Caregiver Core Sensitivities with a Child Who Has an Avoidant Attachment
The caregiver of an insecure avoidant child encourages independence at the cost of close physical and emotional contact. In the AAI these caregivers are considered “dismissing” of attachment needs on the bottom of the Circle, as stated earlier. They tend to be uncomfortable with direct emotional communication and appear uneasy with the expression of need. Over time, the child of such a parent learns to inhibit direct expression of wants or needs for the caregiver.
不安全回避型儿童的养育者以身体及情感的亲密交流为代价,鼓励孩子的独立性。如前所述,在AAI中,这些养育者被认为“无视”了圆环底部的依恋需要。他们往往不喜欢直接的情感交流,而且对于需要的表达会表现出不安。时间一长,这类家长的孩子就学会了抑制自己直接表达对养育者的渴望或需要。

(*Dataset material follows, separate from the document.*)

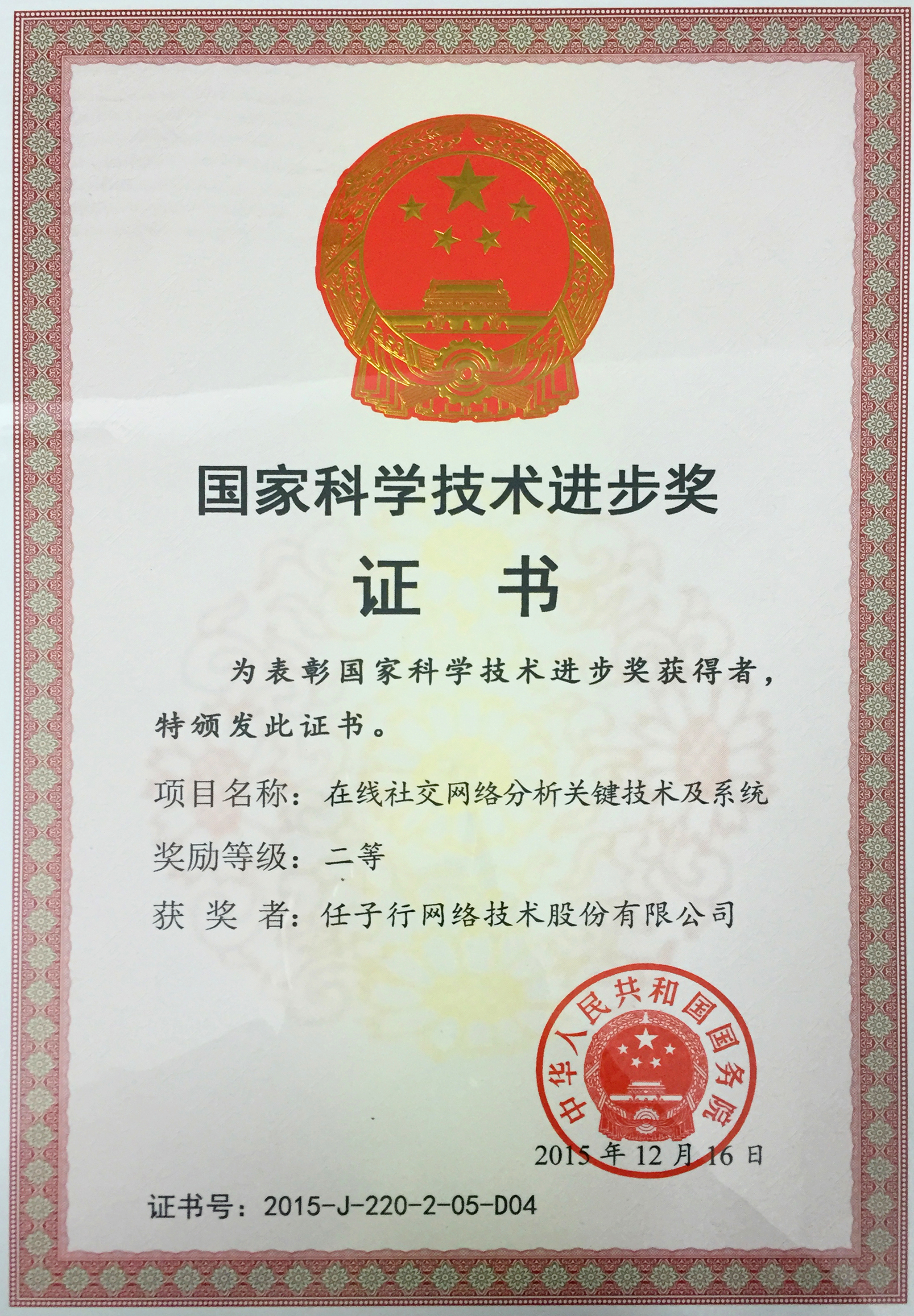 2015Äê¹ú¼Ò¿ÆÑ§ÊÖÒÕǰ½ø½±¶þµÈ½±

Hence it is not surprising that typically in the Strange Situation such a child shows little distress when the parent is absent, tends to turn away from the parent upon reunion, and has a relationship strategy intended to not rock the emotional boat. As attachment theorists explain, such a child expects his attachment needs to be dismissed. To avoid the pain of rejection associated with cuing needs on the bottom of the Circle, this child begins to build a pattern of creating distance and prioritizing exploration and/or achievement, which, not coincidentally, is what the child’s parent emphasizes. Parents who emphasize achievement and exploration are often esteem sensitive and are usually comfortable on the top half while being dismissing of bottom-half opportunities.
因此,下面这些就不足为奇了:在陌生情境实验中,这样的孩子在家长不在时一般不会表现出什么痛苦,在团聚中会倾向于远离家长,他们关系策略的目的是不要晃动情感的小船。
依恋理论学家解释的那样,这样的孩子会预期到自己的依恋需要被无视。为了避免发出在圆环底部有需要而被拒绝的痛苦,这个孩子开始建立一种模式,创造距离并优先考虑探索及/或成就,而这并非巧合,正是家长所强调的东西。
就像自尊敏感性的,通常在圆环顶部感到舒适而忽略圆环底部的机会。